_What you have to do_
The entries below contain pictures. Write out only the lines from the line with "जानें अंग्रेजी व्याकरण" up to and including the line with "the rain | |", exactly, without them.

_Records for processing_
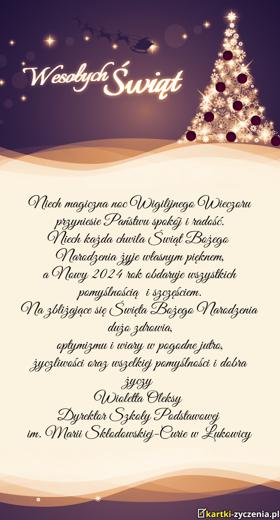 Niech magiczna noc Wigilijnego Wieczoru przyniesie Państwu spokój i radość.
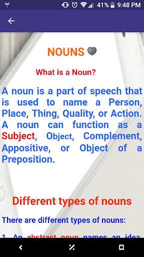 जानें अंग्रेजी व्याकरण कभी इस आसान सीखने ऐप के साथ आसान और आसान नहीं था। कोई फर्क नहीं पड़ता कि आप एक शुरुआती अंग्रेज़ी सीखने वाले या एक उन्नत शिक्षार्थी कुछ कठिन अंग्रेजी परीक्षा के साथ-साथ प्रतिस्पर्धी परीक्षाओं और पाठ्यक्रम परीक्षाओं के लिए तैयार हैं, हमने आपको कवर किया है। यह ऑफ़लाइन अंग्रेज़ी सीखने ऐप में अंग्रेज़ी व्याकरण के प्रत्येक पहलू में, संज्ञा, विशेषण, और क्रियाविशेष से गेरुंड, स्पर्श और सहायक क्रियाओं के लिए शामिल किया गया है। आपको एक-एक करके सबक का पालन करने की आवश्यकता है, व्याकरण के नियमों को सीखना, अभ्यास करना और अभ्यास करना, यह सुनिश्चित करने के लिए कि आपने पूरे अंग्रेजी व्याकरण में महारत हासिल की है।
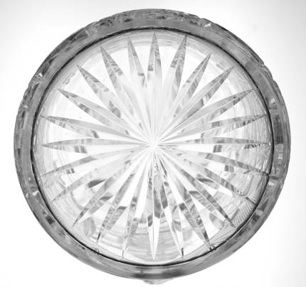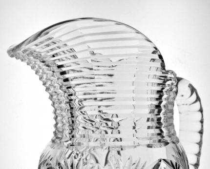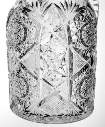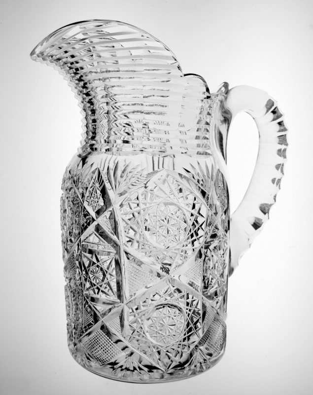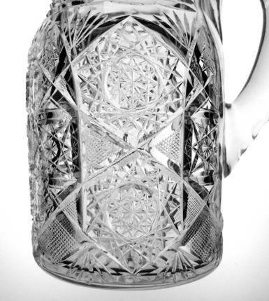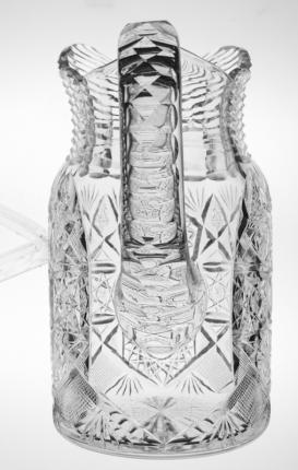 The pithcer has a stack of deeply cut hobstars separated by fields of crosshatching. These stacks are divided by a flat, 8-point star toped with clear, mitered panels on both sides. A Christmas-style star finishes out the design along with fan cutting. The entire neck and mouth of hte piece is finished with gorgeous stair cutting. The handle is triple notched and the base is finished with a rayed star.
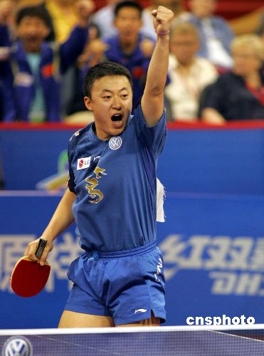 五月六日,在上海體育館進行的世乒賽男單半決賽中,中國選手馬琳以四比零輕取丹麥“黑馬”梅茲,與王勵勤會師男單決賽,這也使得中國隊在本屆世乒賽提前攬五冠。作者:湯彥俊
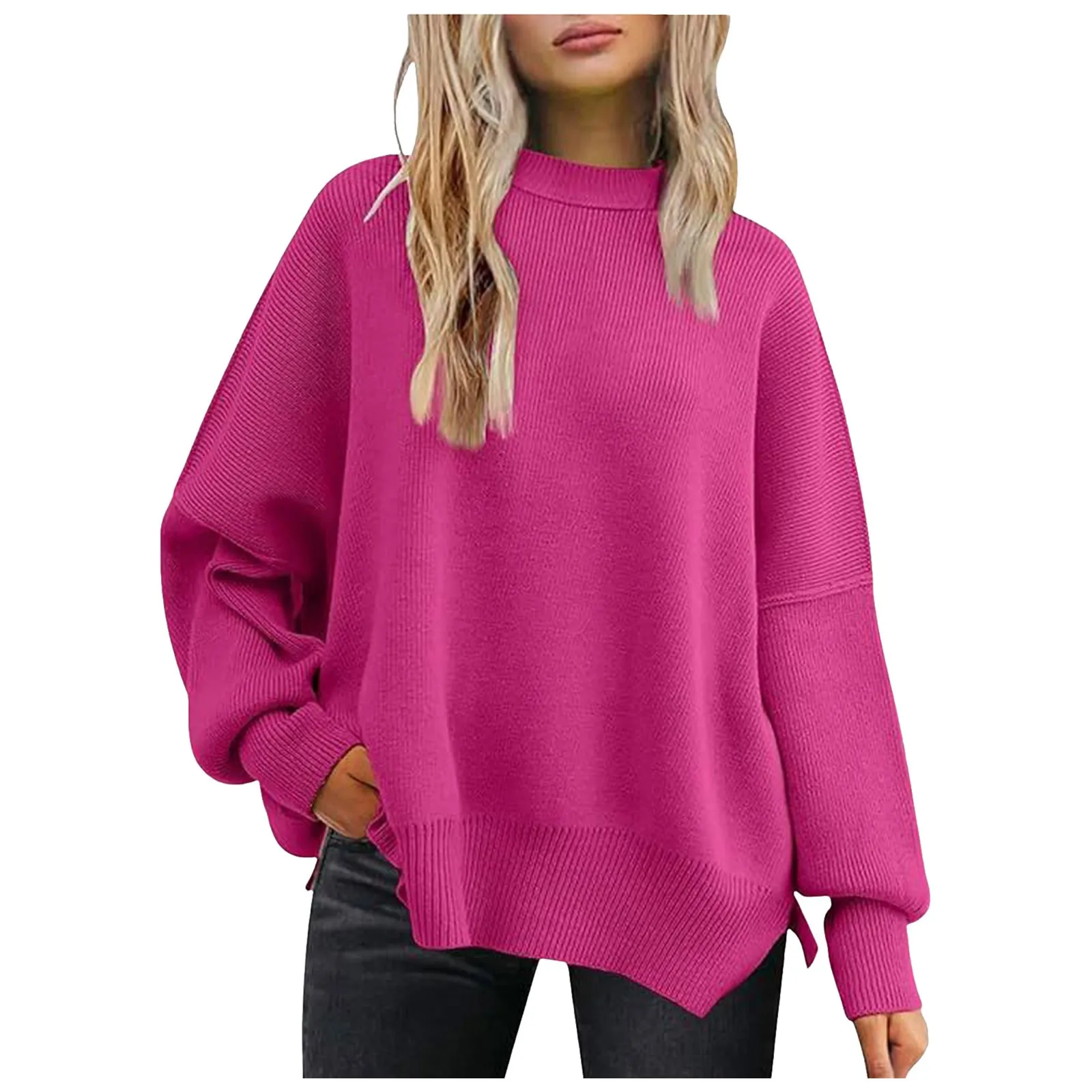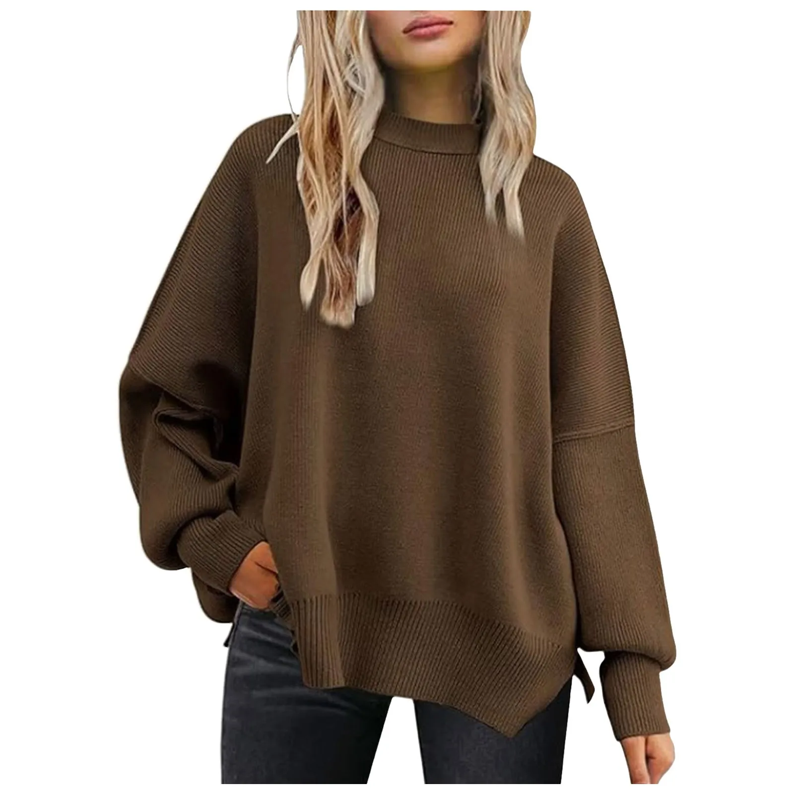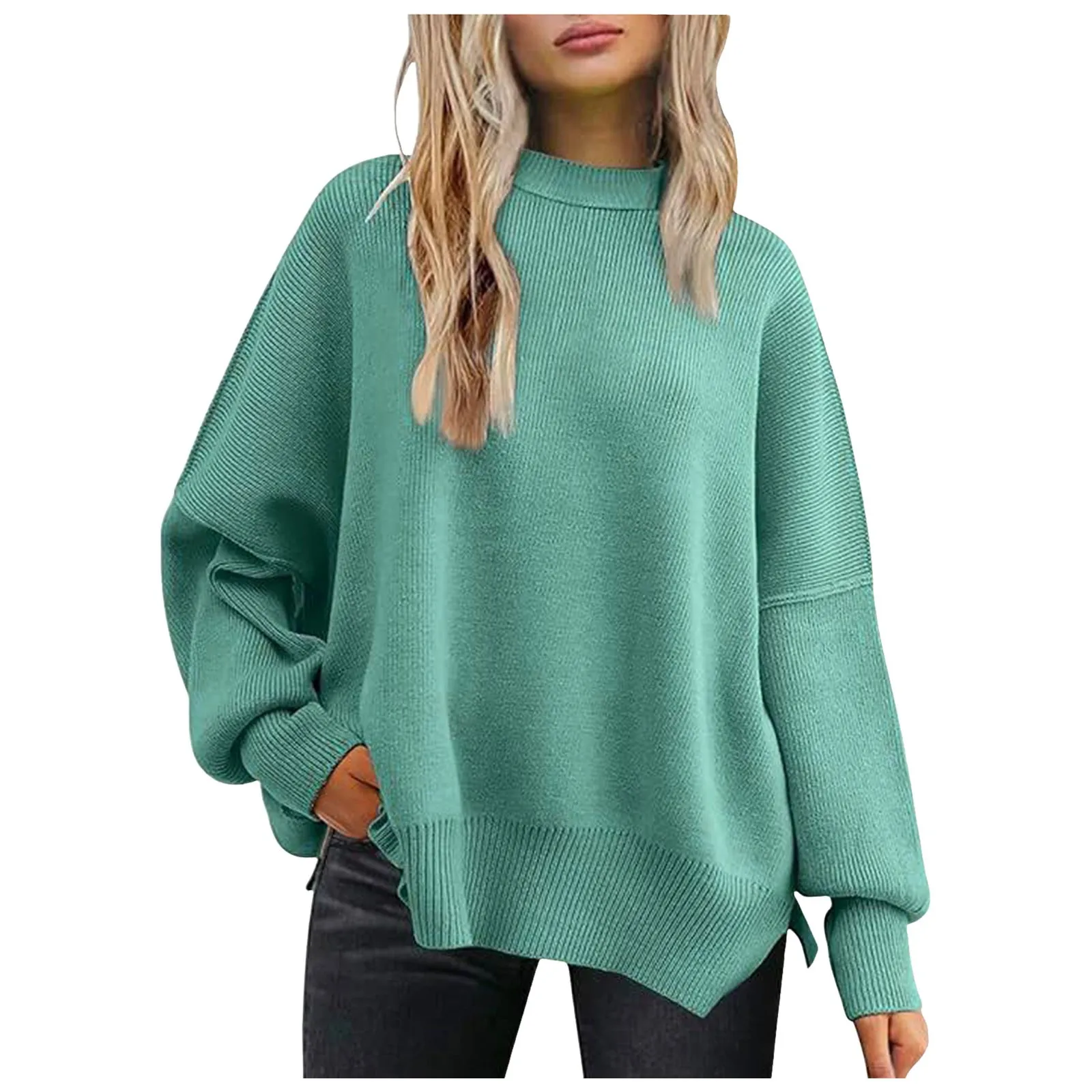 Women Crew Neck Batwing Long Sleeve Knit Side Slit Pullover
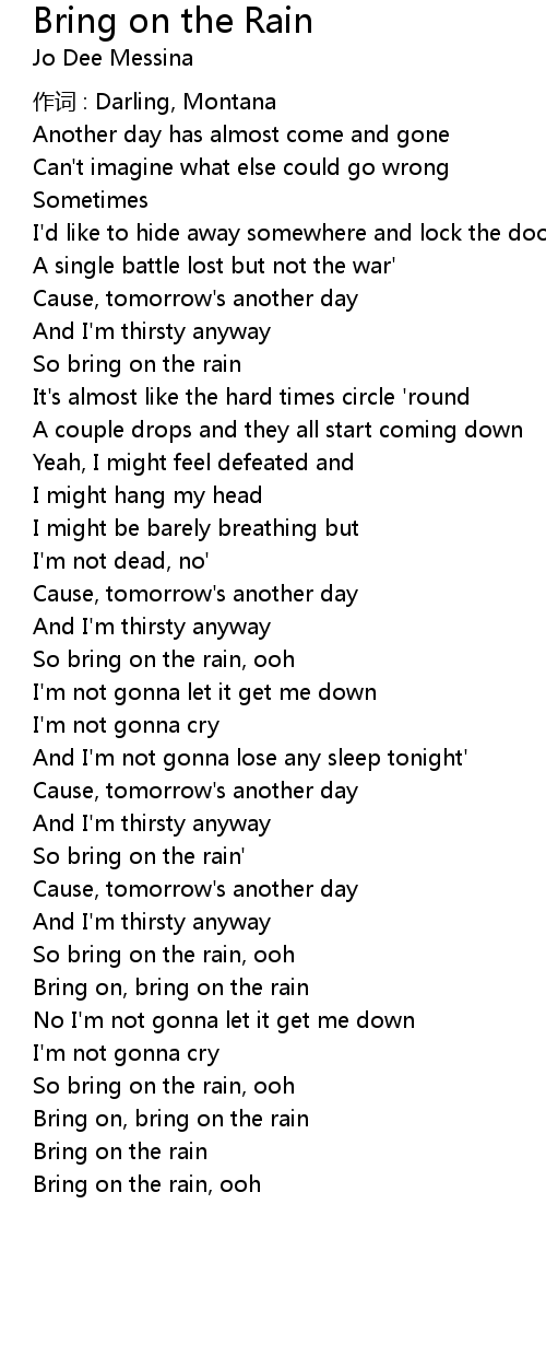 | Bring on, bring on the rain | |
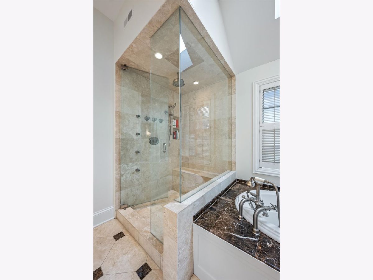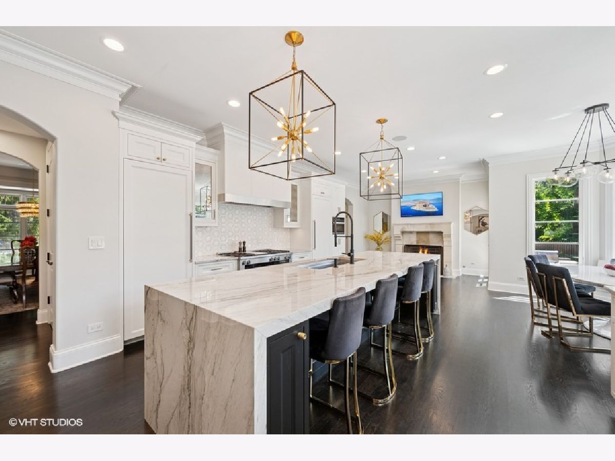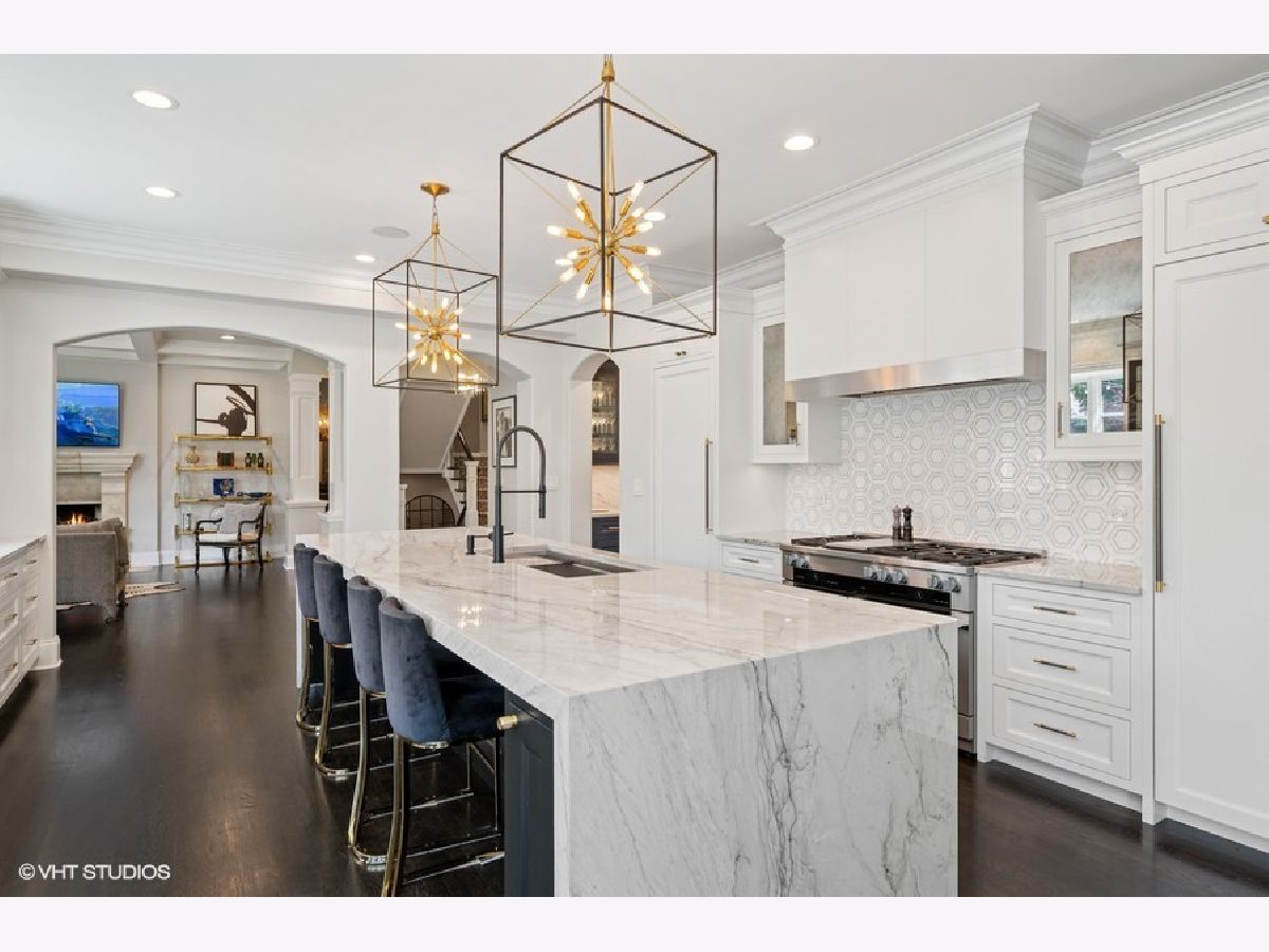 Incredible Coveted Home with 5 bedrooms, 5.2 bathrooms, 3 garages on 1/3 acre property boasts Winnetka address and Kenilworth School District. Built in 2004, this beautiful brick home feels like new construction with a complete first floor renovation in 2019 and upgrades throughout the home. As you enter the sun filled foyer, you are greeted with an open floor plan and 9'.5" ceilings. Flanking the foyer is the spacious dining room with gracious bay windows and a separate den with built-in bookshelves, fireplace and gorgeous wood beamed ceiling. The formal living room boasts floor to ceiling windows, limestone fireplace and opens into the fabulous kitchen. The kitchen is completely new from 2019 and is a chef's dream. A twelve-foot oversized island with a quartzite waterfall finish hosts custom cabinetry, generous workstation sink, custom cabinetry and island seating space. The incredible Miele appliances include a Six Burner Cooktop, 48" Dual Fuel Range with Steam Hook Up, Speed Oven, Warming Drawer, Convection Oven with Steam Hook Up and Griddle. The Miele Master Cool Built-In 30" Refrigerator and Miele Master Cool 30" Built-In Freezer make storing food a dream come true, especially when you utilize the walk-in pantry. There are two dishwashers and two sinks in the kitchen, both oversized with accessories, disposal, and an insta hot/cold filtered water dispenser. Last but not least, the built in Miele Combo steam oven adds to easy, healthy and efficient cooking. The eat-in kitchen area with custom, built-in banquet seating is nestled between the sunny bay windows. Anchoring the kitchen is the limestone fireplace making this room truly the heart of the home. From the kitchen patio doors, step out onto an outdoor entertaining space that is perfect for entertaining or relaxing in the great outdoors. The built-in bluestone bar area along with a wood burning fireplace, outdoor television, built-in gas grill, seven person all-season resort spa are included on the 1/3 of an acre outdoor playground. Moving back inside, the second floor primary suite has vaulted ceilings, separate closets and a primary bathroom with double sinks, oversized shower and Jacuzzi tub where you can gaze at the moon through the skylight. There are three additional bedrooms on the second floor, all en-suite. The laundry room is conveniently located on the second floor with folding area and built-in cabinets and sink. The lower level has an incredible recreation area with kitchenette, granite countertops, island for seating, cabinetry, a double sink, Fisher Paykel Double Dishwasher Drawers, a mini refrigerator, microwave, and a built-in wine closet. Enjoy the theatre space, exercise room, gracious 5th bedroom, full bathroom and storage galore! There are two separate garage areas: a two car garage and an additional one car garage all attached to the home equaling a 3 car attached garage with EV vehicle charger. The exterior front of the house welcomes you with an over sized circular brick driveway, with professional landscaping and lighting on the entire property. Newer roof, new hot water tanks, new thermostats and central vacuum system make this home move in ready! The home is conveniently located near schools, train, and a block and a half from Lake Michigan. This home is meticulously maintained in a prime location.

_Answer for the task_
 जानें अंग्रेजी व्याकरण कभी इस आसान सीखने ऐप के साथ आसान और आसान नहीं था। कोई फर्क नहीं पड़ता कि आप एक शुरुआती अंग्रेज़ी सीखने वाले या एक उन्नत शिक्षार्थी कुछ कठिन अंग्रेजी परीक्षा के साथ-साथ प्रतिस्पर्धी परीक्षाओं और पाठ्यक्रम परीक्षाओं के लिए तैयार हैं, हमने आपको कवर किया है। यह ऑफ़लाइन अंग्रेज़ी सीखने ऐप में अंग्रेज़ी व्याकरण के प्रत्येक पहलू में, संज्ञा, विशेषण, और क्रियाविशेष से गेरुंड, स्पर्श और सहायक क्रियाओं के लिए शामिल किया गया है। आपको एक-एक करके सबक का पालन करने की आवश्यकता है, व्याकरण के नियमों को सीखना, अभ्यास करना और अभ्यास करना, यह सुनिश्चित करने के लिए कि आपने पूरे अंग्रेजी व्याकरण में महारत हासिल की है।
 The pithcer has a stack of deeply cut hobstars separated by fields of crosshatching. These stacks are divided by a flat, 8-point star toped with clear, mitered panels on both sides. A Christmas-style star finishes out the design along with fan cutting. The entire neck and mouth of hte piece is finished with gorgeous stair cutting. The handle is triple notched and the base is finished with a rayed star.
 五月六日,在上海體育館進行的世乒賽男單半決賽中,中國選手馬琳以四比零輕取丹麥“黑馬”梅茲,與王勵勤會師男單決賽,這也使得中國隊在本屆世乒賽提前攬五冠。作者:湯彥俊
 Women Crew Neck Batwing Long Sleeve Knit Side Slit Pullover
 | Bring on, bring on the rain | |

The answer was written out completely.